Reversing the Resistance Phenotype of the Biomphalaria glabrata Snail Host Schistosoma mansoni Infection by Temperature Modulation

Biomphalaria glabrata snails that display either resistant or susceptible phenotypes to the parasitic trematode, Schistosoma mansoni provide an invaluable resource towards elucidating the molecular basis of the snail-host/schistosome relationship. Previously, we showed that induction of stress genes either after heat-shock or parasite infection was a major feature distinguishing juvenile susceptible snails from their resistant counterparts. In order to examine this apparent association between heat stress and snail susceptibility, we investigated the effect of temperature modulation in the resistant snail stock, BS-90. Here, we show that, incubated for up to 4 hrs at 32°C prior to infection, these resistant snails became susceptible to infection, i.e. shedding cercariae at 5 weeks post exposure (PE) while unstressed resistant snails, as expected, remained resistant. This suggests that susceptibility to infection by this resistant snail phenotype is temperature-sensitive ( ts). Additionally, resistant snails treated with the Hsp 90 specific inhibitor, geldanamycin (GA) after heat stress, were no longer susceptible to infection, retaining their resistant phenotype. Consistently, susceptible snail phenotypes treated with 100 mM GA before parasite exposure also remained uninfected. These results provide direct evidence for the induction of stress genes (heat shock proteins; Hsp 70, Hsp 90 and the reverse transcriptase [RT] domain of the nimbus non-LTR retrotransposon) in B. glabrata susceptibility to S. mansoni infection and characterize the resistant BS-90 snails as a temperature-sensitive phenotype. This study of reversing snail susceptibility phenotypes to S. mansoni provides an opportunity to directly track molecular pathway(s) that underlie the B. glabrata snail's ability to either sustain or destroy the S. mansoni parasite.
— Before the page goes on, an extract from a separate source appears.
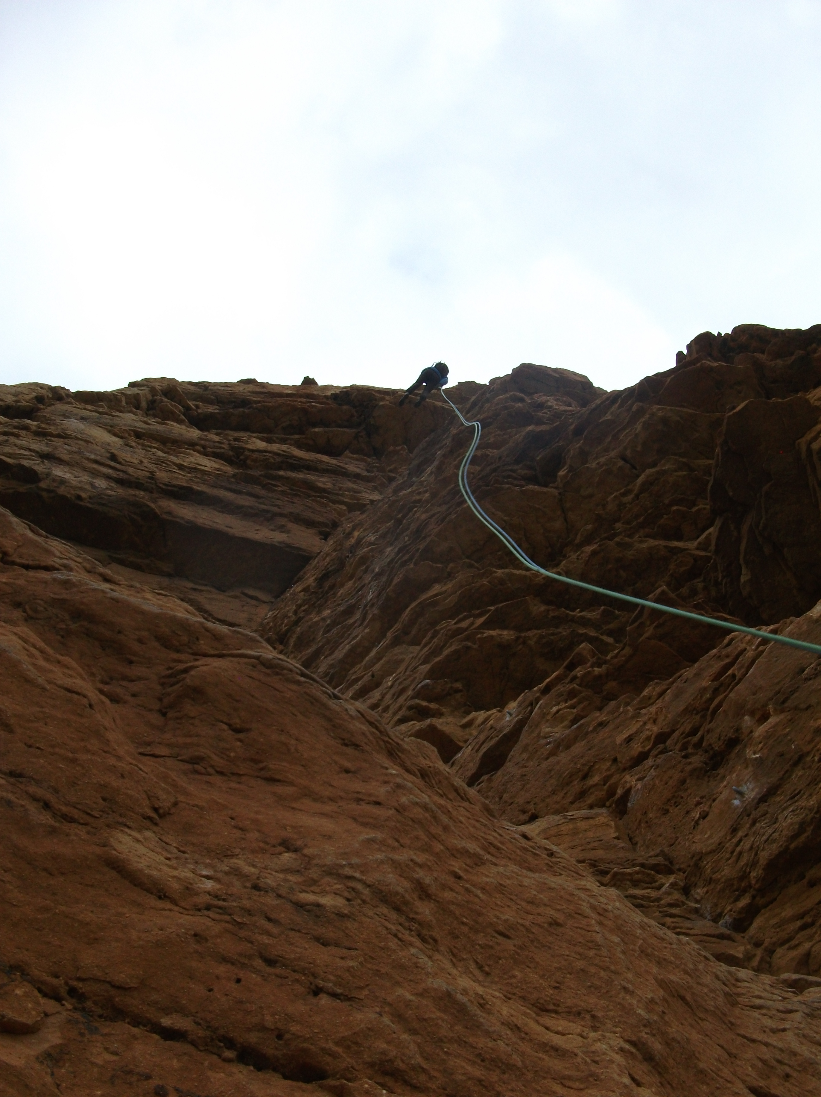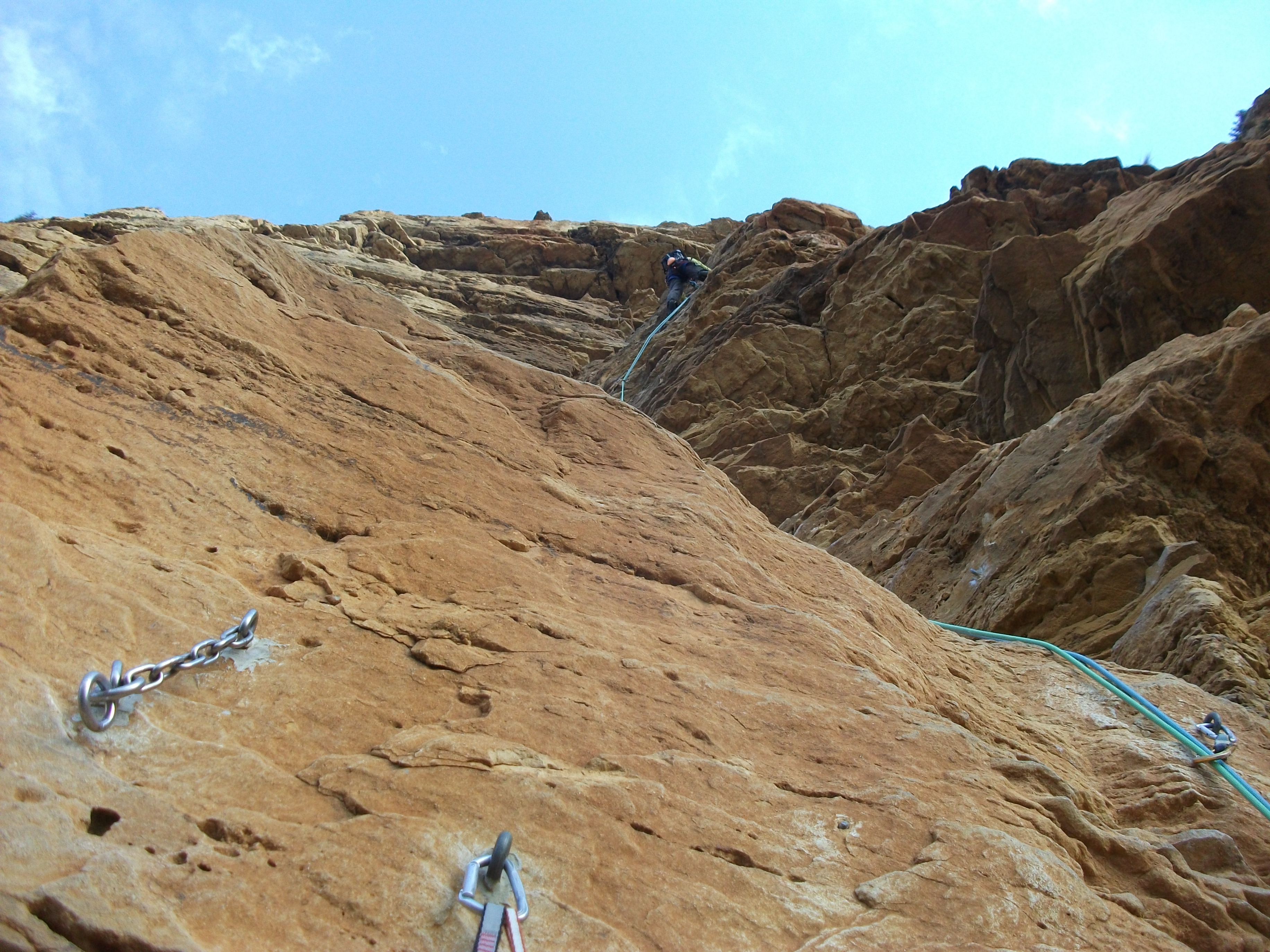 L3′ : 5c; Cheminée très sympa, puis assez longue traversée à gauche pour récupérer le rappel médian de descente.

Biomphalaria glabrata snails that are either resistant or susceptible to the parasite, Schistosoma mansoni, have been an invaluable resource in studies aimed at understanding the molecular basis of the snail/schistosome interaction. Schistosomes cause the chronic debilitating disease schistosomiasis. Thus, it is hoped that dissecting pathways that underlie the snail/schistosome relationship might translate into alternative control strategies that will include blocking transmission of the parasite at the snail-stage of its development. Induction of stress genes is a feature distinguishing early exposed juvenile susceptible NMRI snails from resistant BS-90 snail stocks. To further analyze this apparent involvement of stress induction and snail susceptibility, here we applied heat stress to the resistant BS-90 snail, enhancing induction of stress genes (Hsp 70, Hsp 90 and RT) prior to infection. Results showed these resistant snails became susceptible, indicating resistance as being a temperature sensitive phenotype in these snails. Stressed resistant snails treated with the Hsp 90 specific inhibitor, geldanamycin, prior to exposure, were, however, shown to maintain their refractory phenotype. Interestingly, inhibitor treated susceptible snails also became non-susceptible. Collectively, these data point to stress induction as an important early step in the ability of S. mansoni to infect juvenile B. glabrata snails.